# My Butter bore



## JIG (Nov 2, 2004)

Took the last few months putin together something diff. Im hopin to replicate a Civil war gun. This is breach load for saftey but the ball is loaded by the muzz.(reduced breach) I still have too find the ball to weld to the plug but figured maybe you guys might have a thought on what to make pre-loaded cartridges out of and how much powder. Im thinking 10grams of FF 2 start.


----------



## JIG (Nov 2, 2004)




----------



## scallop (Apr 1, 2007)

Not much help on advising you but that is one nifty lookin boomer! Would love to see it shoot.


----------



## JIG (Nov 2, 2004)

Ya Im hopin so. Figured out 10grams is = to 150grain though


----------



## C.Keith&Co (Aug 28, 2010)

try sending a e-mail to Timken Bearing customer service dept. and ask them if they have any off spec bearings you could buy. they might have what you need.


----------



## JoeFish (Apr 2, 2011)

Not exactly sure what you are looking for, but try searching at www.mcmaster.com for steel balls

There is a mcmaster in aurora, and they ship pretty quick.
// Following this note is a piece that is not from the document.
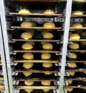 「サクふわメロンパン」の発酵過程 特徴の1つに、効率化と手作業を組み合わせた生産体制にある。商品改廃の多いコンビニパンでは完全自動化が難しく、トッピング作業や焼き目の確認など一部工程を従業員が行うことで品質を担保する。

_OutdoorHub Mobile, the information engine of the outdoors._


----------



## JIG (Nov 2, 2004)

Fired 15grams with a paper wad today. Nice! Took awhile to figure out how to get the alum foil right. Pouch like. Also thinkin on makin 30gr charges. Here is a pic of charge tool and 15gr pouch.


----------



## JIG (Nov 2, 2004)

Aluminum foil is static resistant


----------



## JIG (Nov 2, 2004)




----------



## C.Keith&Co (Aug 28, 2010)

I am gonna tell you what- that is sweet !!!!!!!!!!!!!!!! I was looking in an Enco Tool Magazine and they sell steel balls- look up Enco on the net and see if they have anything you can use. know what would really be cool is make a mini- ball out of Styrofoam and make a sand casting -fill it full of lead- shoot them ! that cannon looks awesome !! I tip my hat to you.


----------



## JIG (Nov 2, 2004)

Ill check it out.


----------



## JIG (Nov 2, 2004)




----------